== Task objective ==
Print out the data that follows exactly, character for character, apart from the pictures.

== Available records ==
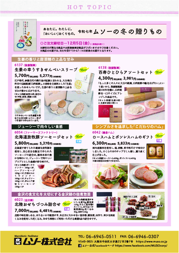 あなたに。わたしに。「おいしい」おくりもの。 令和七年 ムソーの冬の贈りもの
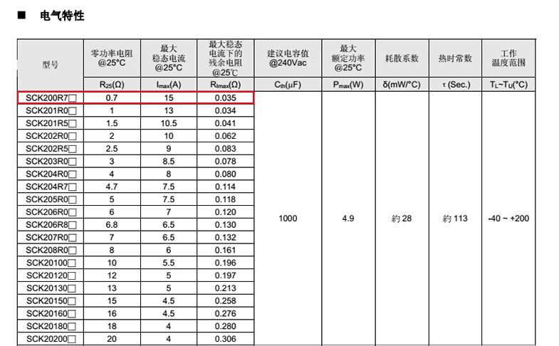 熱敏電阻: 穩騰 熱敏電阻型號: SCK200R7MSY 熱敏電阻片徑: Φ20mm 零功率電阻@25℃: 0.7Ω 工作溫度范圍: -40℃±200℃ 儲存溫度范圍: -40℃±85℃
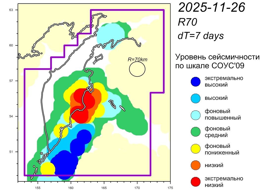 Наиболее сильные сотрясения, до 4 баллов, были зарегистрированы 23 ноября в районе мыса Шипунский и 25 ноября в районе Вилючинска. Самое мощное землетрясение недели магнитудой 6.0 произошло 21 ноября и ощущалось в Северо-Курильске и Петропавловске-Камчатском.
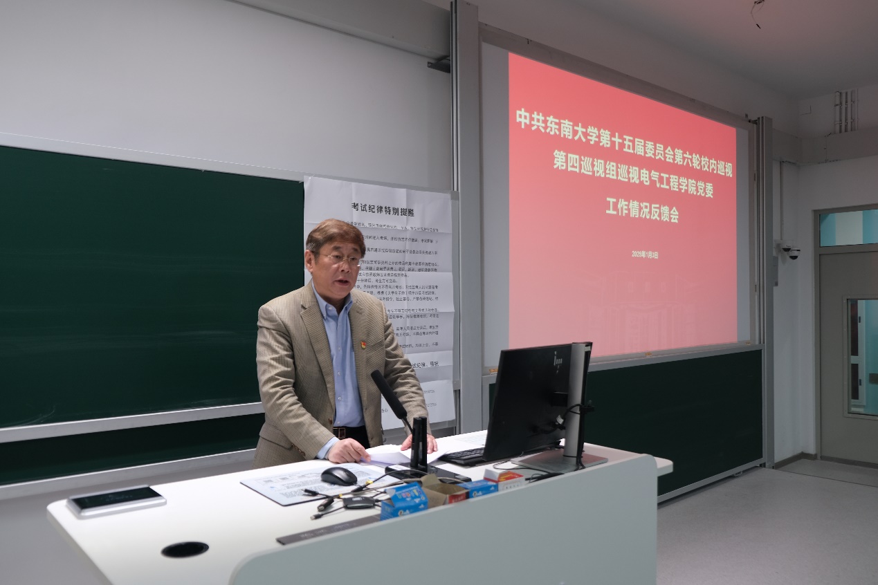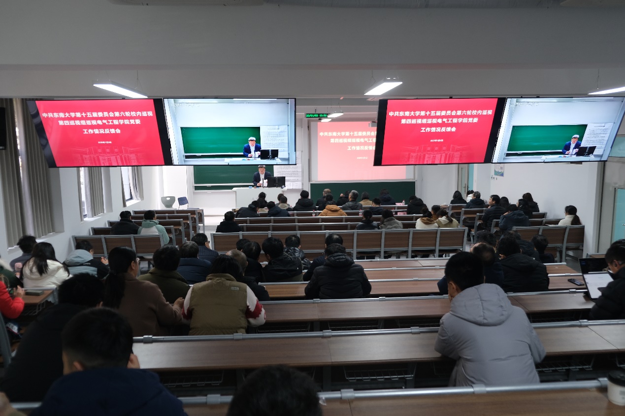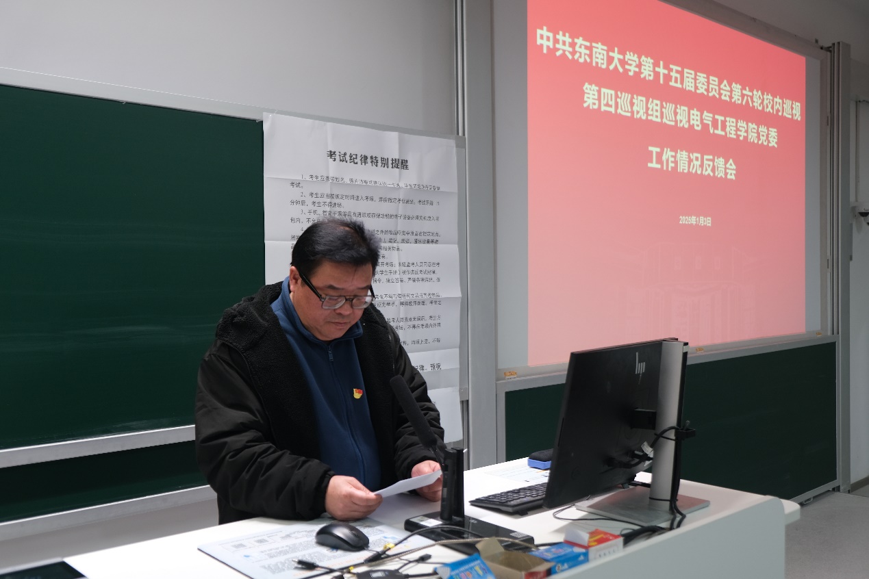 巡视组组长张在琛宣读了《东南大学十五届党委第六轮第四巡视组关于巡视电气工程学院党委的反馈意见》,巡视组在肯定学院各项成绩的同时,也客观负责地指出了巡视发现的问题和不足,并有针对性地提出了整改意见和建议。
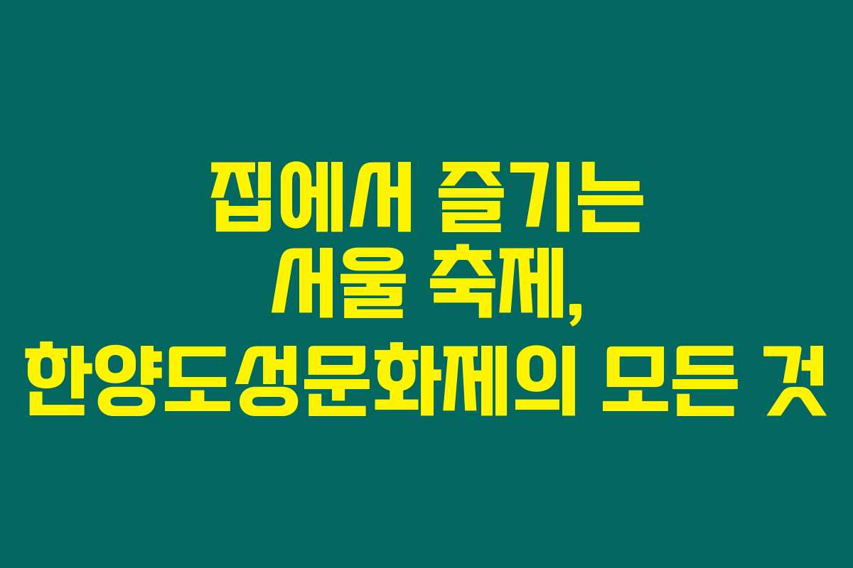 서울에서 열리는 한양도성문화제를 참여하고 싶지만, 방구석에서 나가기 힘든 사람들을 위한 지침이 필요하다면 아래를 읽어보세요. 집에서도 안전하고 편안하게 참여할 수 있는 방법을 소개할게요. 온라인으로도 즐길 수 있는 다채로운 프로그램이 준비되어 있으니 놓치지 말고 체크해보세요!
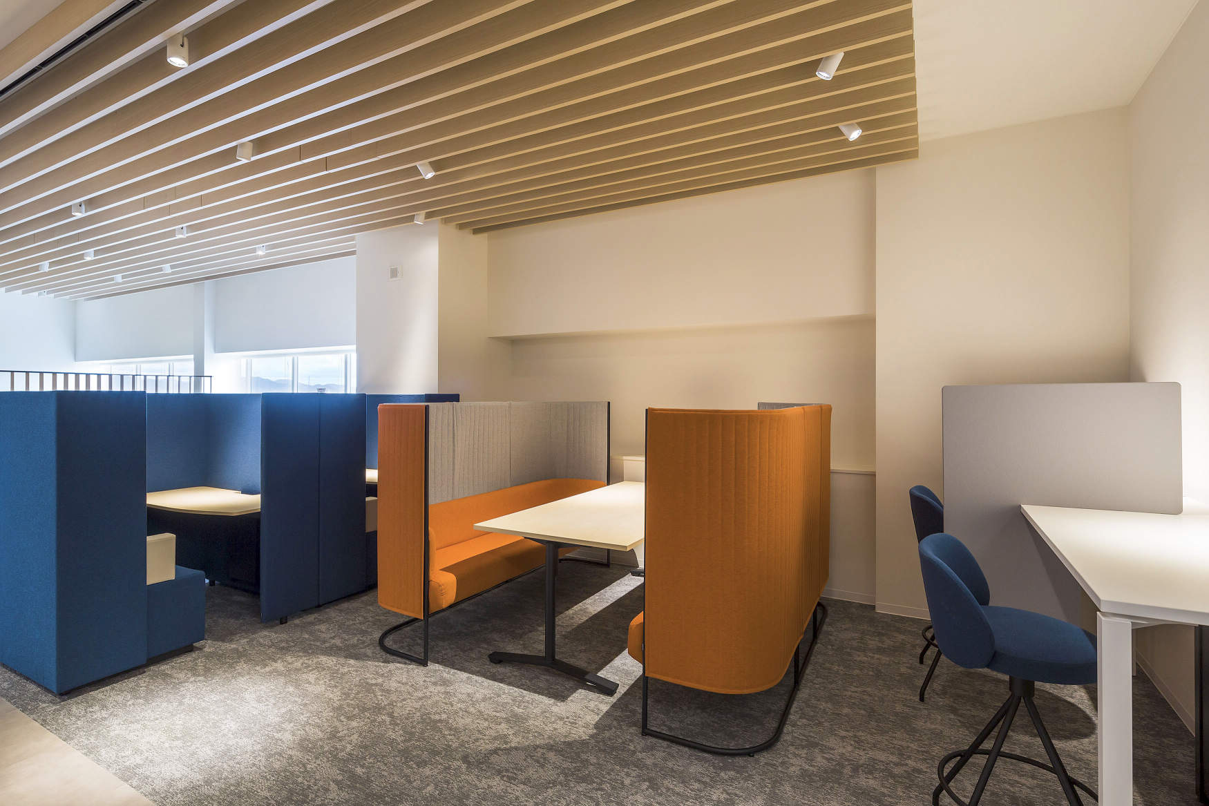 ミーティングエリアではTOLSOビームフリースポットを採用いただきました。 天井ルーバー間に収めることで照明器具の存在感を軽減しながら家具のレイアウトに応じフレキシブルな照明ができる計画としました。また角度調整機能により机のサイズやパーティションによる手暗がりが出ないよう現場で配光を調整することで最適なライティングが可能となりました。

== Answer to this exercise ==
 あなたに。わたしに。「おいしい」おくりもの。 令和七年 ムソーの冬の贈りもの
 熱敏電阻: 穩騰 熱敏電阻型號: SCK200R7MSY 熱敏電阻片徑: Φ20mm 零功率電阻@25℃: 0.7Ω 工作溫度范圍: -40℃±200℃ 儲存溫度范圍: -40℃±85℃
 Наиболее сильные сотрясения, до 4 баллов, были зарегистрированы 23 ноября в районе мыса Шипунский и 25 ноября в районе Вилючинска. Самое мощное землетрясение недели магнитудой 6.0 произошло 21 ноября и ощущалось в Северо-Курильске и Петропавловске-Камчатском.
 巡视组组长张在琛宣读了《东南大学十五届党委第六轮第四巡视组关于巡视电气工程学院党委的反馈意见》,巡视组在肯定学院各项成绩的同时,也客观负责地指出了巡视发现的问题和不足,并有针对性地提出了整改意见和建议。
 서울에서 열리는 한양도성문화제를 참여하고 싶지만, 방구석에서 나가기 힘든 사람들을 위한 지침이 필요하다면 아래를 읽어보세요. 집에서도 안전하고 편안하게 참여할 수 있는 방법을 소개할게요. 온라인으로도 즐길 수 있는 다채로운 프로그램이 준비되어 있으니 놓치지 말고 체크해보세요!
 ミーティングエリアではTOLSOビームフリースポットを採用いただきました。 天井ルーバー間に収めることで照明器具の存在感を軽減しながら家具のレイアウトに応じフレキシブルな照明ができる計画としました。また角度調整機能により机のサイズやパーティションによる手暗がりが出ないよう現場で配光を調整することで最適なライティングが可能となりました。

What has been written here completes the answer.